RECORDS SHOWN -

__________________________________________________

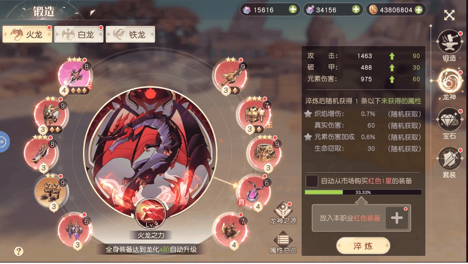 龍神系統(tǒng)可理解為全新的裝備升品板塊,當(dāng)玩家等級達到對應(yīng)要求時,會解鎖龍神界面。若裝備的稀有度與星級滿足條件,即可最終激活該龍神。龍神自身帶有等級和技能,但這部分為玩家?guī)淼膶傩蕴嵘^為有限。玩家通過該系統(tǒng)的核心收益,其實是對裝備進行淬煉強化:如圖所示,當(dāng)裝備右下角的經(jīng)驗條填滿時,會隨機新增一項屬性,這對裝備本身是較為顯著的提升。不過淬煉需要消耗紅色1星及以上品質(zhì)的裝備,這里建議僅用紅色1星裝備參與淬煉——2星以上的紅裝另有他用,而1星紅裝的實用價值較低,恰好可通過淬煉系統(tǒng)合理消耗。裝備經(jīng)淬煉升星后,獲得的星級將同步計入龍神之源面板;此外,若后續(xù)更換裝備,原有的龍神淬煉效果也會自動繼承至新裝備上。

__________________________________________________

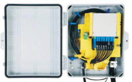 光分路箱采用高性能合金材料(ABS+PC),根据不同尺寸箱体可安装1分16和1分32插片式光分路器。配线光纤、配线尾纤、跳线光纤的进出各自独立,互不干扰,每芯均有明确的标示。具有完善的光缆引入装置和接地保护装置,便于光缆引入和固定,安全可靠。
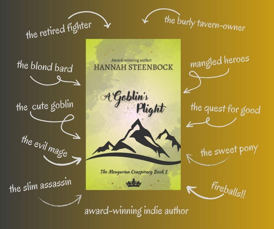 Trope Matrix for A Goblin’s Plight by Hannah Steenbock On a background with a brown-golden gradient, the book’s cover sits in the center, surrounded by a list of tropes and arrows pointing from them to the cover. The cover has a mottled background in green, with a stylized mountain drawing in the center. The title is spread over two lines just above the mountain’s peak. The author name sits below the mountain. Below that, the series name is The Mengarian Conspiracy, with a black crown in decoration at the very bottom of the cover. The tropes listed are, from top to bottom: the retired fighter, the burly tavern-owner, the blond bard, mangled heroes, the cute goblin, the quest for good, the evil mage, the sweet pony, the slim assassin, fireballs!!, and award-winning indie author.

__________________________________________________

EXERCISE BRIEF -
Beginning with the line that contains "光分路箱采用高性能合金材料(ABS+PC" and ending with the line that contains "Trope Matrix for", reproduce the listing exactly, pictures excluded.

TASK OUTPUT -
 光分路箱采用高性能合金材料(ABS+PC),根据不同尺寸箱体可安装1分16和1分32插片式光分路器。配线光纤、配线尾纤、跳线光纤的进出各自独立,互不干扰,每芯均有明确的标示。具有完善的光缆引入装置和接地保护装置,便于光缆引入和固定,安全可靠。
 Trope Matrix for A Goblin’s Plight by Hannah Steenbock On a background with a brown-golden gradient, the book’s cover sits in the center, surrounded by a list of tropes and arrows pointing from them to the cover. The cover has a mottled background in green, with a stylized mountain drawing in the center. The title is spread over two lines just above the mountain’s peak. The author name sits below the mountain. Below that, the series name is The Mengarian Conspiracy, with a black crown in decoration at the very bottom of the cover. The tropes listed are, from top to bottom: the retired fighter, the burly tavern-owner, the blond bard, mangled heroes, the cute goblin, the quest for good, the evil mage, the sweet pony, the slim assassin, fireballs!!, and award-winning indie author.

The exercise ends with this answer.